Abstract

Encryption protects digital information from unauthorized access by making it illegible to anyone without an encryption key. While this ensures the security of digital communications, it also prevents the government from accessing evidence it needs for national security investigations. This creates an apparent conflict between the private sector’s desire for strong encryption and the government’s interest in “back door” access, thus raising the normative question of whether governments should be able to legally require companies to maintain “back doors” to encrypted information. In view of the significant impact of this debate on economic, privacy, security, and diplomatic interests of states around the world, this paper explores two lines of inquiry: First, what legal frameworks should courts and legislators use to approach encryption? Second, which framework produces the best policy outcomes—in particular, which stakeholders are benefitted or harmed under each approach? To answer these questions, this paper examines legal approaches to encryption in the US and UK, countries with contrasting policies on the subject.

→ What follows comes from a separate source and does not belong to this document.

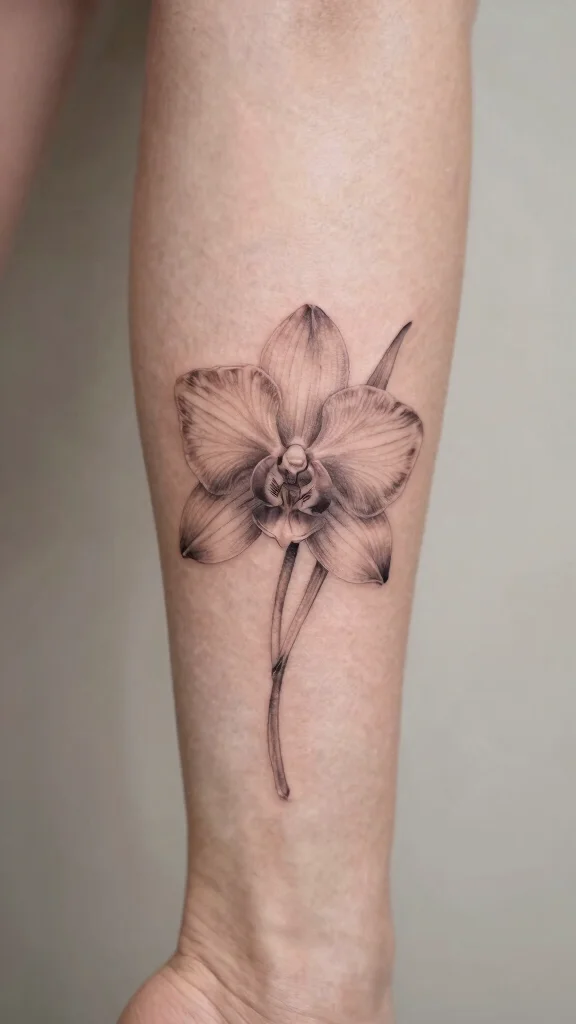 Are you looking for a tattoo that symbolizes beauty and strength? The delicate orchid tattoo is an exquisite choice, showcasing luxury and elegance in a minimalist style. Often placed on the side of the calf or above the knee, it offers a striking visual impact that highlights your appreciation for fine art.
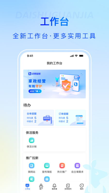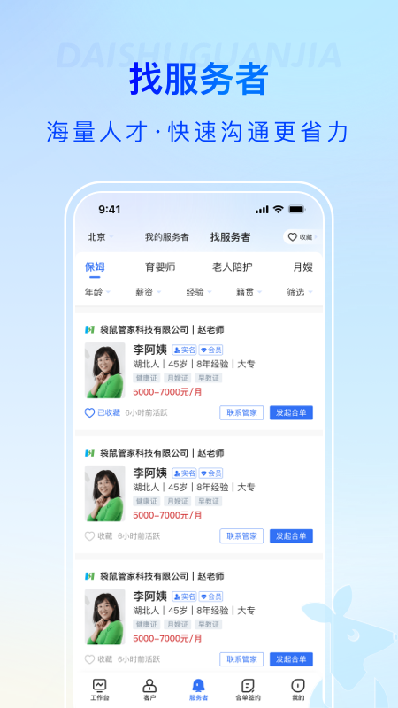 袋鼠管家平台是一款不错的家政管理软件,里面的服务和功能都很不错,一系列的家政服务都能够为你处理,用户的各种家政需求都能够去满足到,属于自己的工作台,找服务者都很简便,简历信息都能详细的查看,信息内容都展现的详细,操作都很简便。

It evaluates the pros and cons of each approach, situating encryption within existing legal frameworks. This includes the First Amendment argument of “code as free speech,” government investigatory powers under the Fourth Amendment, and the UK’s Investigatory Powers Act permitting government-mandated back doors. This is the first paper clarifying, surveying, and comparing the legal approaches to encryption in the US and UK. Such a comparative analysis explaining the consequences of each legal approach could help countries choose the most effective approach to encryption. By applying existing laws to the novel problems posed by encryption, this paper generates new evidence against the implementation of encryption back doors.